En abril del 2025, un insólito “monumento al pollo” fue instalado frente a la sede del Ministerio de Salud como parte de una protesta para denunciar la grave crisis sanitaria que atraviesa el país. La manifestación, convocada en el marco del Día Mundial de la Salud, fue realizada para visibilizar cómo los paraguayos se ven obligados a recurrir a “polladas solidarias” para financiar tratamientos médicos ante la ausencia de un sistema de salud pública funcional. Pese a los reclamos y las manifestaciones regulares de pacientes y personal de salud, un año después, la situación no ha mejorado; por el contrario, está empeorando.

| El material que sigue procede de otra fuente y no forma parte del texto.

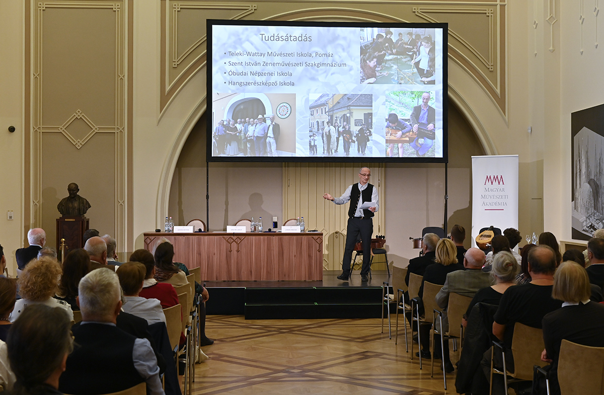 Az MMA székházában, a Pesti Vigadóban folytatódtak akadémikusaink székfoglaló előadásai. Szeptember 3-án 10.00 órától Szerényi Béla előadóművész, hangszerkészítő mester, az MMA levelező tagjának előadását hallgathatták meg az érdeklődők A teljesség körül címmel.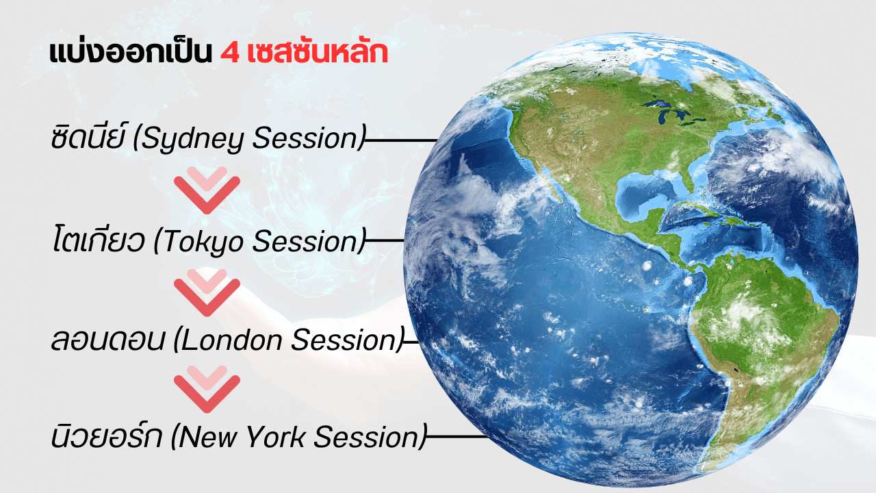 ตลาด Forex นั้นทำการเปิดตลอด 24 ชั่วโมง ตั้งแต่วันจันทร์ถึงวันศุกร์ โดยจะแบ่งออกเป็น 4 เซสซันหลักดังนี้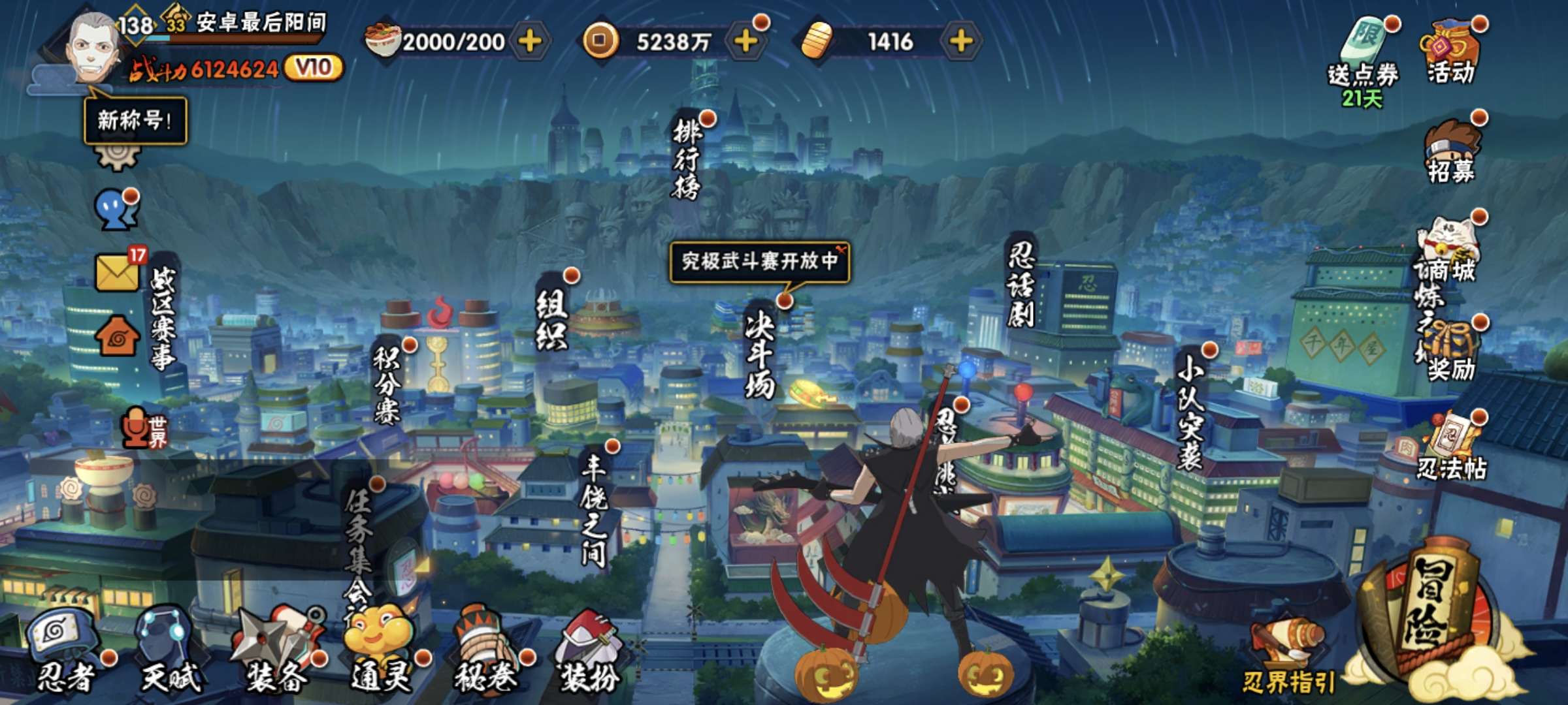 可二次,九尾鸣人,须佐佐助,卡卡西,解班,还有好多点卷忍者,有熊猫

En junio de este año, por ejemplo, la familia de un paciente internado en el Hospital Regional de Villarrica se vio empujada a organizar una actividad solidaria (pollada) para reunir fondos de forma urgente. El objetivo era pagar una resonancia magnética en un centro médico privado, debido a que los turnos asignados por la red pública presentaban demoras prolongadas que ponían en riesgo la salud del internado.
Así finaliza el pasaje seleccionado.